To see why this relationship holds, start with the eigenvector equation
\begin{equation} M |v\rangle = \lambda |v\rangle\tag{5.3.1} \end{equation}
and multiply on the left by \(\langle v|\) (that is, by \(v^\dagger\)):
\begin{equation} \langle v | M | v \rangle = \langle v | \lambda | v \rangle = \lambda \langle v | v\rangle\text{.}\tag{5.3.2} \end{equation}
But we can also compute the Hermitian conjugate (that is, the conjugate transpose) of (5.3.1), which is
\begin{equation} \langle v| M^\dagger = \langle v| \lambda^*\text{.}\tag{5.3.3} \end{equation}
Using the fact that \(M^\dagger=M\text{,}\) and multiplying by \(|v\rangle\) on the right now yields
\begin{equation} \langle v | M | v \rangle = \langle v | \lambda^* | v \rangle = \lambda^* \langle v | v \rangle\text{.}\tag{5.3.4} \end{equation}
Comparing (5.3.2) with (5.3.4) now shows that
\begin{equation} \lambda^* = \lambda\tag{5.3.5} \end{equation}
as claimed.

Eigenvectors corresponding to different eigenvalues must be orthogonal.

The argument establishing this relationship is similar to the one above.
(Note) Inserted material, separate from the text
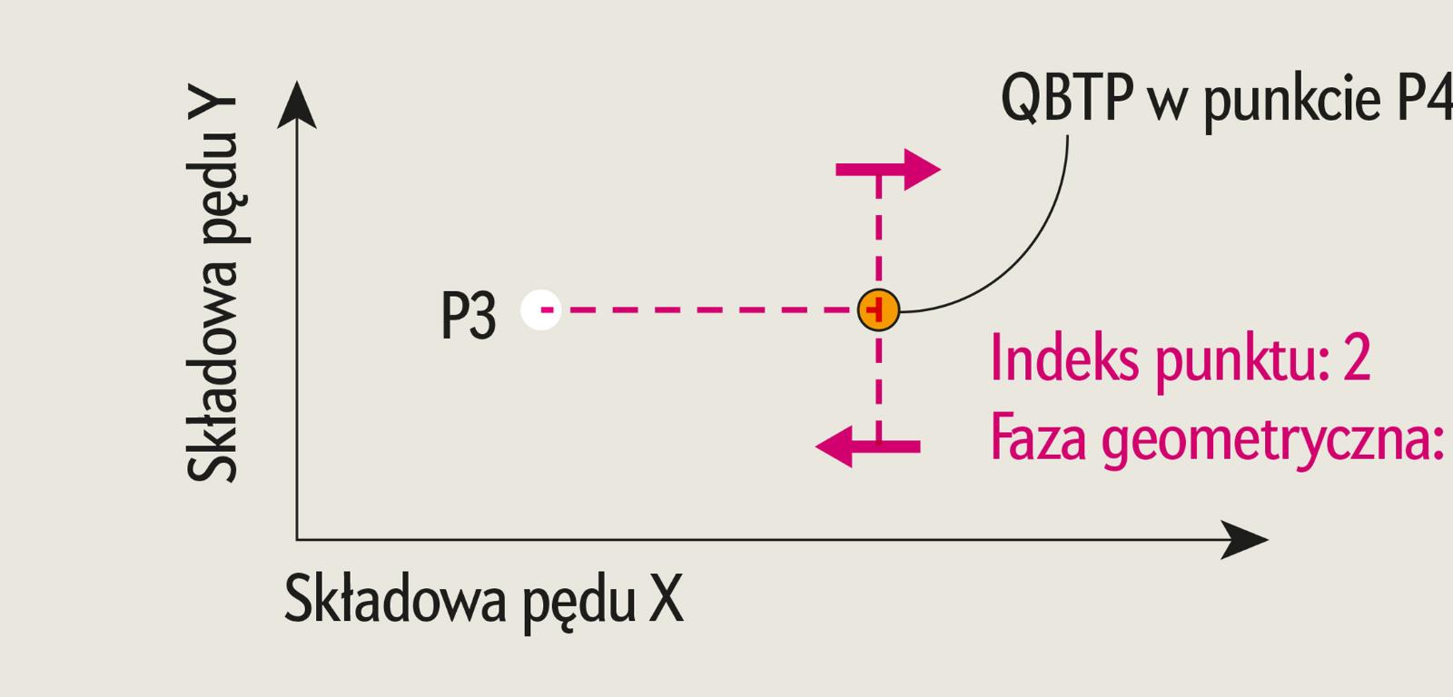 W prawdziwym grafenie interakcje między elektronami utrudniają badanie QBTP, ale w naszym układzie punkty te stały się dostępne dzięki jednej dziwnej sztuczce. Tak naprawdę nie jest ona aż tak dziwna ani nawet nie jest to żadna sztuczka. Udało nam się opracować konkretną metodę badania QBTP. Okazuje się, że jeśli kondensat wprawimy go w ruch jeszcze przed załadowaniem go do sieci optycznej, możemy uzyskać dostęp do QBTP i zbadać go tą samą metodą, której użyliśmy do zbadania punktu Diraca. Na wykresie przestrzeni pędów możemy wyobrazić sobie nowe punkty P3 i P4, gdzie P3 jest arbitralnym punktem początkowym w drugim paśmie wzbudzonym, a QBTP leży w P4. Nasze pomiary wykazały, że jeśli przesuniemy BEC z P3 bezpośrednio przez P4 i obrócimy go pod różnymi kątami, tak jak zrobiliśmy to z punktem Diraca, stan kwantowy kondensatu owinie się dokładnie dwa razy wokół QBTP. Wynik ten oznacza, że stan kwantowy BEC przyjął fazę geometryczną wynoszącą dokładnie 2p. Odpowiednio, zamiast indeksu punktu względem krzywej równemu 1, jak w przypadku punktu Diraca, odkryliśmy, że QBTP ma indeks punktu wynoszący 2, co oznacza, że stan musi obrócić się wokół punktu w przestrzeni pędów dokładnie dwa razy, zanim powróci do stanu kwantowego, z którego startował.

Suppose that
\begin{align} M |v\rangle \amp = \lambda |v\rangle ,\tag{5.3.6}\\ M |w\rangle \amp = \mu |w\rangle\text{.}\tag{5.3.7} \end{align}
Then
\begin{equation} \langle v | \lambda | w \rangle = \langle v | M | w \rangle = \langle v | \mu | w \rangle\tag{5.3.8} \end{equation}
or equivalently
\begin{equation} (\lambda - \mu) \langle v | w \rangle = 0\text{.}\tag{5.3.9} \end{equation}
Thus, if \(\lambda\ne\mu\text{,}\) \(|v\rangle\) must be orthogonal to \(|w\rangle\text{.}\)

Repeated Eigenvalues.

In the case of repeated eigenvalues, it is possible to make a basis orthogonal using a process called Gram-Schmidt orthogonalization. (This amounts to simply subtracting off the parts of a given basis that are not orthogonal.)

To Remember.

It is always possible to find an orthonormal basis of eigenvectors for any Hermitian matrix.

Sensemaking 5.1. Properties of Anti-Hermitian Matrices.

Repeat the two proofs above to find similar properties for anti-Hermitian matrices.
Hint 1.
Don’t forget to use \(M^{\dagger}=-M\text{.}\)
Hint 2.
Don’t forget to complex conjugate the eigenvalue, where necessary.
Answer.
The eigenvalues are pure imaginary. The eigenvectors corresponding to different eigenvalues are orthogonal.